Book Review: The Parting Glass

 

  • Author: Gina Marie Guadagnino
  • Where I bought this book: Barnes & Noble Bookstore, West Chester, Ohio
  • Why I bought this book: It shares a title with a great old Irish song

******

    Mary Ballard, born Maire O'Farren, left her home and her job in the west of Ireland for reasons unknown -- but eventually explained -- sometime in the early 19th Century.

    Her ensuing life in New York City as an Irish immigrant, a lady's maid, and denizen near the old Five Points neighborhood tells a tale of love and loss, heartbreak, and high living among poverty and destitution.

    Guadagnino's debut novel is a wonderful read.

    It's chock full of Irish history, New York City history, and the history of the Irish in New York. It touches on subjects including LGBT love, the empowerment of women, immigration, and the life of the rich and the poor in the 19th Century. 

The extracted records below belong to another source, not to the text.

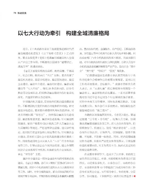 业建设,要求抓实国有企业党风廉政建设和反腐败工 腐、不能腐、不想腐一体推进。同时,把清廉蓉城建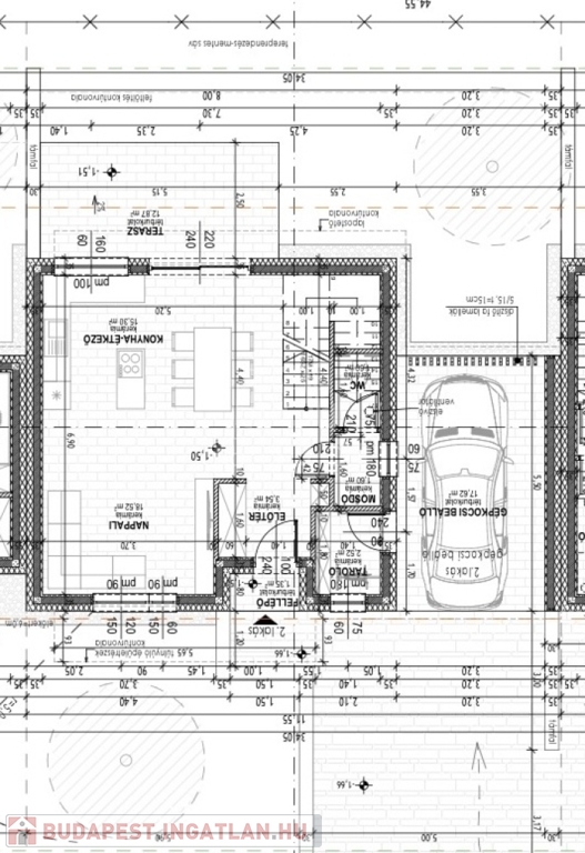 ingatlanonként két gépkocsi számára biztosított, ebből egy parkolóhely a ház előtti területen kialakítható.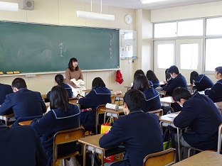 2年生グローバルコースの生徒36名が、中国の春節とその由来、伝統的な行事などについて学び、県国際交流員の話を聞きました。

    O'Farren -- or Ballard -- caters to her mistress, Charlotte Walden, a wealthy young woman of leisure whose sole goal in life is to find a wealthy husband. Walden, however, would rather love the man who runs the stables at her estate, near Washington Park in old New York City. That man, unknown to the  Charlotte, is Ballard's twin brother, Seanin. Of course, the Waldens are unaware of Charlotte's love for a common man.

    One more thing: Ballard holds in her heart her own unrequited and unspoken love for Miss Walden.

    But that's not all.

    On her nights off, Ballard hits the bars that line the streets of New York's lower east side. She finds a home at the Hibernian, run by Dermot, the man who sponsored and stood for her in New York. There, she meets another lover, a black woman who works as a prostitute and dreams of running her own brothel.

    Meanwhile, Dermot has his own connections with the Tammany Hall Irish who run that part of New York City, along with some ties to the Irish rebels back home. Here's is where Seanin returns to the story.

    Eventually, they all come together in a surprising and intriguing climax. Guadagnino does an impressive jobs with her research, her historical knowledge, and her writing.